In 1976 a memo sent from client to architect -lists various building components, such as steel lattice wall supports, steel staircases and prefabricated modules. The list includes names of suppliers and installers and stands as the most concrete evidence of anything resembling a brief or program. Price’s simple open frame and construction was well suited to ideas about flexible and socially serviceable architecture. However his off the shelf building strategy was not always able to accommodate some of the Trust’s programmatic changes. He voiced concern when Berman challenged the electrical and material capabilities by suggesting that the TV studios required air-conditioning and sound control. Although the accounts differ, the loose fit of component parts, never intended as an exacting plug-in assembly, were seen by the client as construction deficiencies while the architect understood them to be exactly what was required.
For Price the division of responsibilities was clear. Inter-Action Trust should ensure that their activities performed within specific requirements while the architect limited his duties to those of standard practice. Price maintained that architecture was a process of problem solving and flexible architecture did not imply a building that changed every time the client changed his mind about the program. Price and Berman did not always agree upon the definition of flexibility. For Price flexibility and adaptability were related to what he called operational use and not endless changes of mind about form and activities in advance of use. Flexibility was a constructional attribute, entailing a detailed specification to be followed by a contractor at a particular time.

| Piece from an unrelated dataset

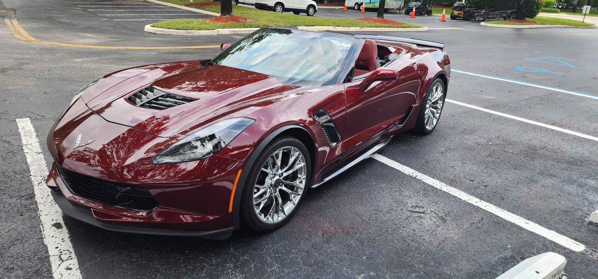 Pearl nickel-finished 19″ and 20″ Z06 alloy wheels are mounted with Michelin tires. The car is equipped with Magnetic Ride Control, Performance Traction Management, and an Active Handling System. Stopping power is provided by black-finished Brembo brake calipers over slotted and ventilated rotors at each corner.

Price’s belief in designing built environments capable of adapting to change challenged planners, architects and politicians for that matter, who thought it their job to determine specific functions for specific places or worse, sought to plan the future of the built environment in terms of permanent structures. Price had little patience for the problems of form or architectural communication through representation.. The over-estimation of form simply impeded the work toward social change. Adaptable and variable environments privileging user choice were possible without prejudice to building technologies. With the Potteries Thinkbelt, the Fun Palace projects, and evidenced at Inter-Action Center, neither the content, that is, the program or meaning, nor the forms of the built structures were permanent. The meaning of a community or a set of activities were not embedded in unchanging form since the possibilities for as yet unimagined social relations and thus social change were found in everyday use.